• **Records for the task**:
= = = = =

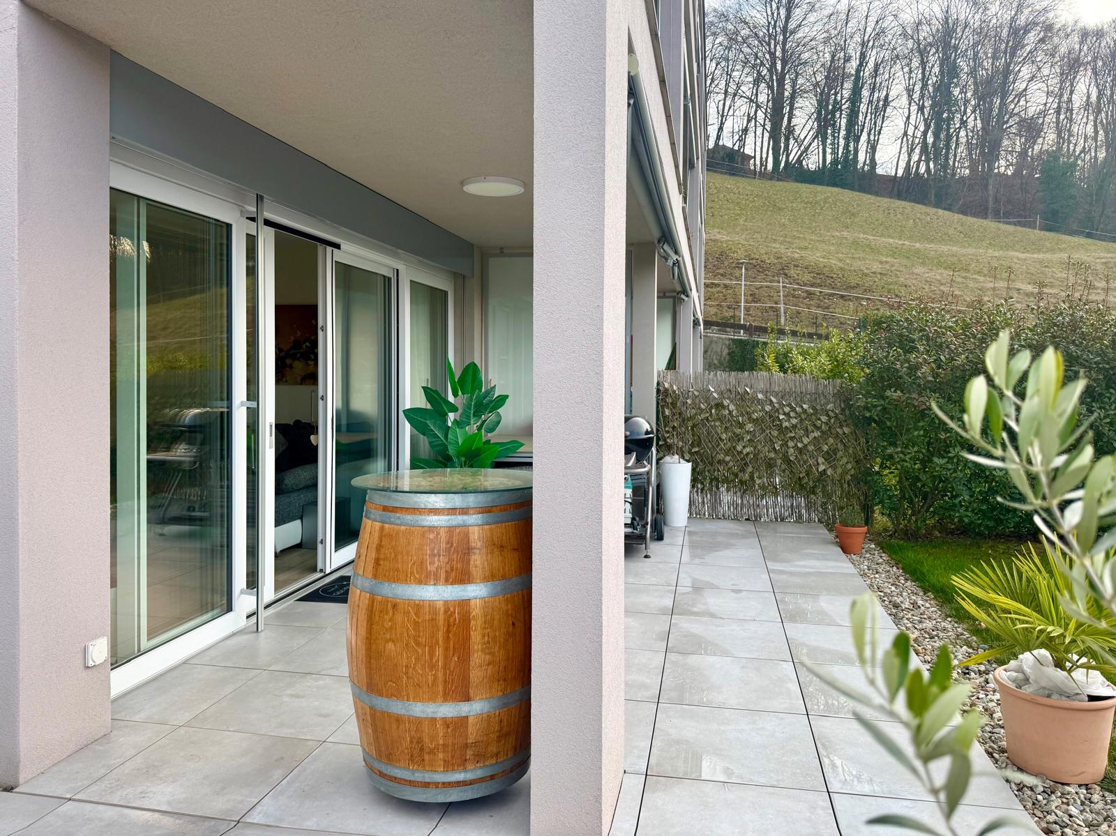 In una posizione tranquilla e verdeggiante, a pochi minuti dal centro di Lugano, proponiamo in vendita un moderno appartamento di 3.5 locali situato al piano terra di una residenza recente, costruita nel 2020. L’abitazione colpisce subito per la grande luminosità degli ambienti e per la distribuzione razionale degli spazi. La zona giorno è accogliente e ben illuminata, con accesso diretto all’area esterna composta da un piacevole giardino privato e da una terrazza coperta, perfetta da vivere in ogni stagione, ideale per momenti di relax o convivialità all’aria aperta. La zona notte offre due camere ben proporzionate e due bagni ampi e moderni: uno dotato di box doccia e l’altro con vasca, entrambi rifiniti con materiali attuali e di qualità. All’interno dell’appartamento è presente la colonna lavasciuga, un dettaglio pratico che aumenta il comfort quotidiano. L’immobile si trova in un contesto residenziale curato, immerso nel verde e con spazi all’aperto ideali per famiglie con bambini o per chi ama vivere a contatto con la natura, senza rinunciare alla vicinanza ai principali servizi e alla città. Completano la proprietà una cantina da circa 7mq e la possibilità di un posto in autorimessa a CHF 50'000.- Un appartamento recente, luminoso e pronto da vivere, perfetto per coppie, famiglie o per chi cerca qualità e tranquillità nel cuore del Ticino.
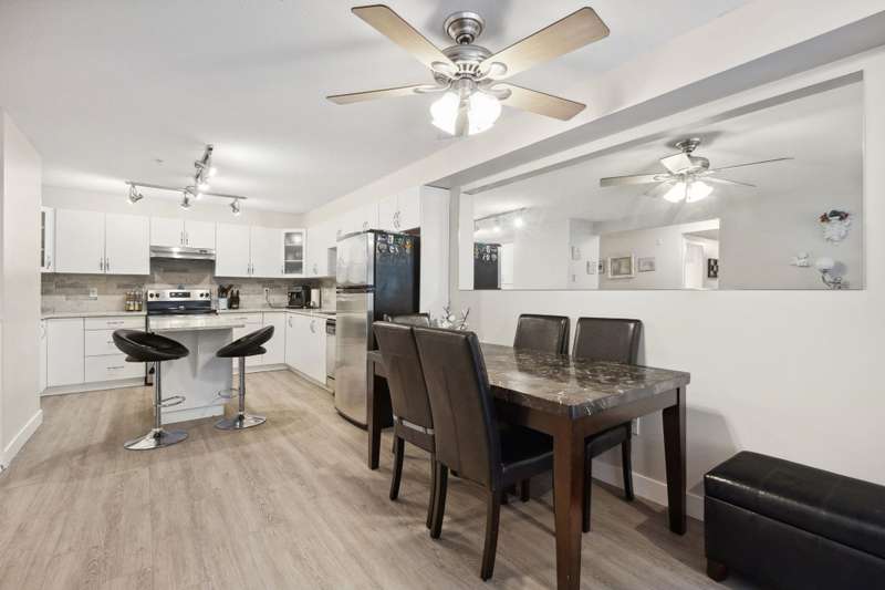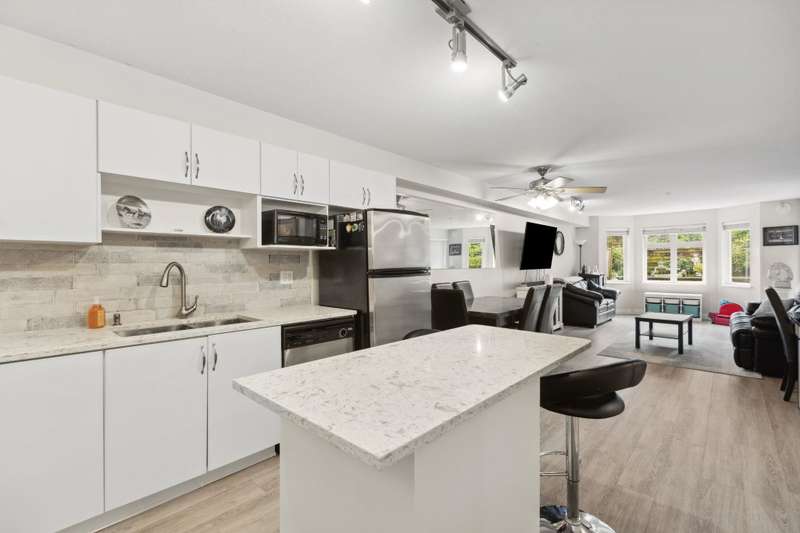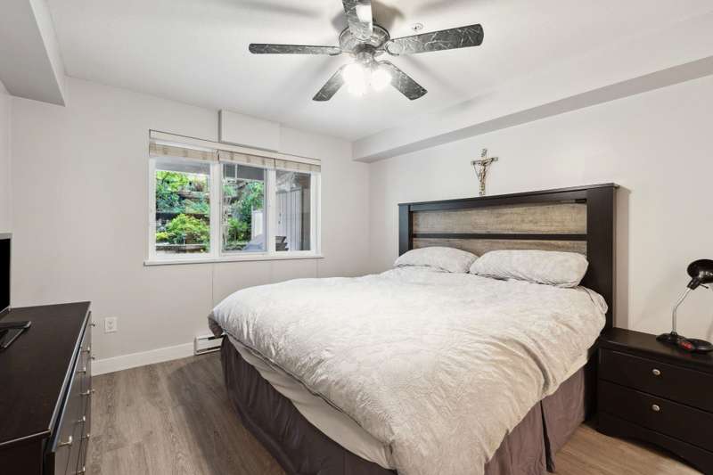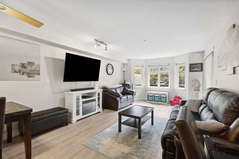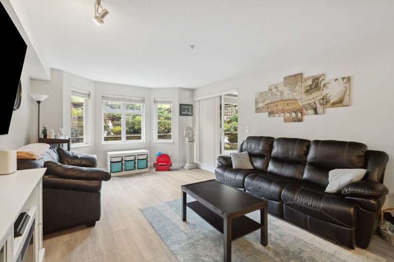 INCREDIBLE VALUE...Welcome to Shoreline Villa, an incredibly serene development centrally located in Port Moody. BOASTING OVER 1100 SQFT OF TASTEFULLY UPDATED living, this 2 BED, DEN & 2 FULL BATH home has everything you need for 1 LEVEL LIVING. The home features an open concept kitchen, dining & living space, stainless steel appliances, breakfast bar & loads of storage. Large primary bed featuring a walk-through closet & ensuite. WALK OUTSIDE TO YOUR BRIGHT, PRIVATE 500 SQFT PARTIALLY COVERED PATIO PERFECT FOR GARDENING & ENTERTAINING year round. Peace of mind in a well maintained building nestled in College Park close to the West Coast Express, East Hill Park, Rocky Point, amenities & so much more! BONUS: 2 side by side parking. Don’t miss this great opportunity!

= = = = =

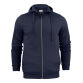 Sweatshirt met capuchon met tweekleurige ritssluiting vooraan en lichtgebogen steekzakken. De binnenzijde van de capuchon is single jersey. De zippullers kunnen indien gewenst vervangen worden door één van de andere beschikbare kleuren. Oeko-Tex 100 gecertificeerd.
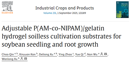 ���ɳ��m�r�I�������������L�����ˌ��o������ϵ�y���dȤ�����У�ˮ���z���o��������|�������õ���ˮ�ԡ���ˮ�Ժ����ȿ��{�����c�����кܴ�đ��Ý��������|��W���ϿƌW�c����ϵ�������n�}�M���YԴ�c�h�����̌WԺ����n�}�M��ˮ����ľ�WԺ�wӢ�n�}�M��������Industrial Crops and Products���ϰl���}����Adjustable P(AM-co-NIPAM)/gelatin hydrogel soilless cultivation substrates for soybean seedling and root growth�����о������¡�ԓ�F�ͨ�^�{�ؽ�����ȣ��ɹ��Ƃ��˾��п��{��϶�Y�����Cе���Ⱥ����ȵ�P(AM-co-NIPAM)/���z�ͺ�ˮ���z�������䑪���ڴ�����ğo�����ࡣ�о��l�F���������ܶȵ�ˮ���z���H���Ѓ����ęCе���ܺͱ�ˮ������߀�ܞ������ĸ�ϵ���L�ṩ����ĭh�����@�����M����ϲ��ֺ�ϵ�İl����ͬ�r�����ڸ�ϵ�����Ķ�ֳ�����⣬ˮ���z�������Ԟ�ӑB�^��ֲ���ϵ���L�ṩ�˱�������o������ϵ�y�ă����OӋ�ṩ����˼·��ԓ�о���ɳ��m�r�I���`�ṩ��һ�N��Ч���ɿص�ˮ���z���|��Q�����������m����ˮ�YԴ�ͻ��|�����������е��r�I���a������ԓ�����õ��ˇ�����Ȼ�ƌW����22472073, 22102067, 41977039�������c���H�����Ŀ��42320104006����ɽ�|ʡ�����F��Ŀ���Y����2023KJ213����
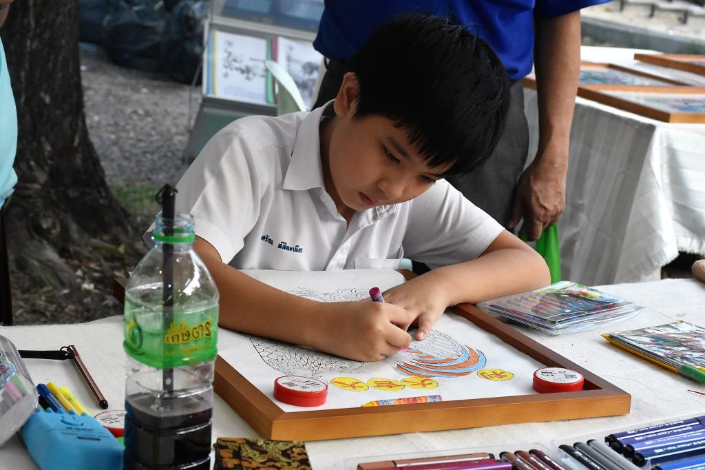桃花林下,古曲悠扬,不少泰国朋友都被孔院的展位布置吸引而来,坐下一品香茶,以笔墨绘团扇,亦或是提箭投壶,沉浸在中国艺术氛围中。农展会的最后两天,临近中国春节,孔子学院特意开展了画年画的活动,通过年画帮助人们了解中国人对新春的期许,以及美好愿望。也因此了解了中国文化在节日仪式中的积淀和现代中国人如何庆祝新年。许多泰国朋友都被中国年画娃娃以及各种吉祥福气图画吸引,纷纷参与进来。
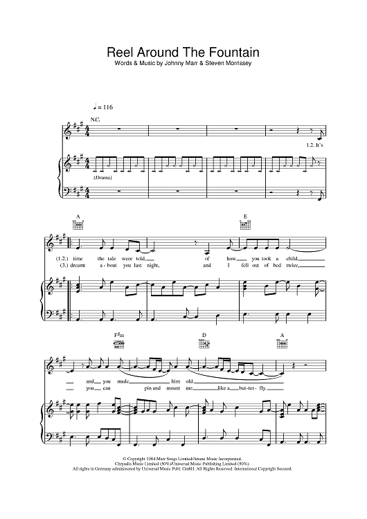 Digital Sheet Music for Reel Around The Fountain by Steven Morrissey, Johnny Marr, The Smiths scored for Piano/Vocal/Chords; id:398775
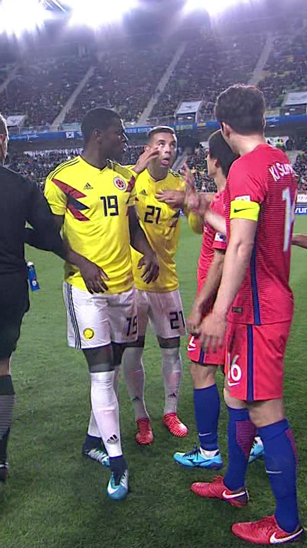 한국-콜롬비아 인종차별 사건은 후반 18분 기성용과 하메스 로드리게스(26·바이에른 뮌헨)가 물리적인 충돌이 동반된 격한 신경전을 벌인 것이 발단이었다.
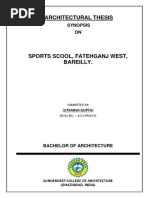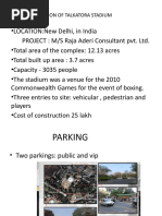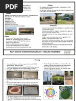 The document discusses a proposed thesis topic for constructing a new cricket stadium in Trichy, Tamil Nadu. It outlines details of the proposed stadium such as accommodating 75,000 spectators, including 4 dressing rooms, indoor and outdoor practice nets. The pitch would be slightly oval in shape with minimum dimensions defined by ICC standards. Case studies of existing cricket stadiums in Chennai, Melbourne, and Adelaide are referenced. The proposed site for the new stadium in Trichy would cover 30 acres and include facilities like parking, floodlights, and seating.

= = = = =

• **Task instructions**:
Copy only the lines above from the one containing "桃花林下,古曲悠扬,不少泰国" through the one containing "한국-콜롬비아 인종차별 사건은", both included. Leave out the pictures.

• **Task answer**:
桃花林下,古曲悠扬,不少泰国朋友都被孔院的展位布置吸引而来,坐下一品香茶,以笔墨绘团扇,亦或是提箭投壶,沉浸在中国艺术氛围中。农展会的最后两天,临近中国春节,孔子学院特意开展了画年画的活动,通过年画帮助人们了解中国人对新春的期许,以及美好愿望。也因此了解了中国文化在节日仪式中的积淀和现代中国人如何庆祝新年。许多泰国朋友都被中国年画娃娃以及各种吉祥福气图画吸引,纷纷参与进来。
 Digital Sheet Music for Reel Around The Fountain by Steven Morrissey, Johnny Marr, The Smiths scored for Piano/Vocal/Chords; id:398775
 한국-콜롬비아 인종차별 사건은 후반 18분 기성용과 하메스 로드리게스(26·바이에른 뮌헨)가 물리적인 충돌이 동반된 격한 신경전을 벌인 것이 발단이었다.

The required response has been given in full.